I’ve been practising mindfulness daily now since 2011 and slowly I can see that I am more able to think before I speak, more able to make good choices when really angry, more able to laugh and see the funny side….yet at times, almost every day it seems that I am yet again mindless and unaware and caught up in my thoughts and feelings, what a life long challenge!
What I am really excited about is that since 2012 I have been facilitating parenting programs (In Alice Springs and now on the Mid North Coast of NSW). These programs teach parents how to be mindful, particularly in stressful situations and explain the importance of being able to stop, pause, reflect on what the present moment needs and regulate our own emotions before we launch into responding to our children or to the stressful situation
I have found that all parents from all backgrounds like learning about this and come back the next week with stories about how they put it into place! Wouldn’t it be great if we could all access these skills and prevent harm from happening to children the world over!
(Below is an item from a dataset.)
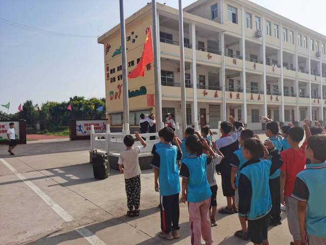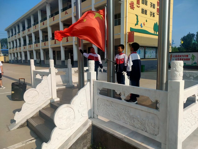 7月25号早上8点,鄄城县旧城镇旧城完小“小荷学堂”全体同学及最靠谱的十大足球平台“星河长明”实践团全体成员相聚在庄严的国旗台前举办升旗仪式,实践团代表赵家旗、员工代表苏晓涵进行发言。

One of those programs is Positive Discipline http://www.positivedsicipline.com and another is Bringing Up Great Kids (Check out their great FREE Mindful Parenting booklet on http://www.childhood.org.au/training/bringing-up-great-kids-resources-parenting-program )
I love that saying that we teach what we most need to learn and that certainly is the case for me! Each time I teach a workshop or write this blog it helps me to stay more mindful with my children! I am facilitating some Introduction to Positive Discipline Workshops in August, with the emphasis being on mindfulness. More information is at http://www.saraphillipsnsw.com. Hope to see some of you there!
That’s it, that’s all you need to say to anchor you to the present moment…sometimes I need to say it 3 times…but each time I become more aware of where I am, what I’m doing, who is with me, it really helps!
Of course bushwalking and spotting a wombat is ALSO a really good way to be jolted into the present!!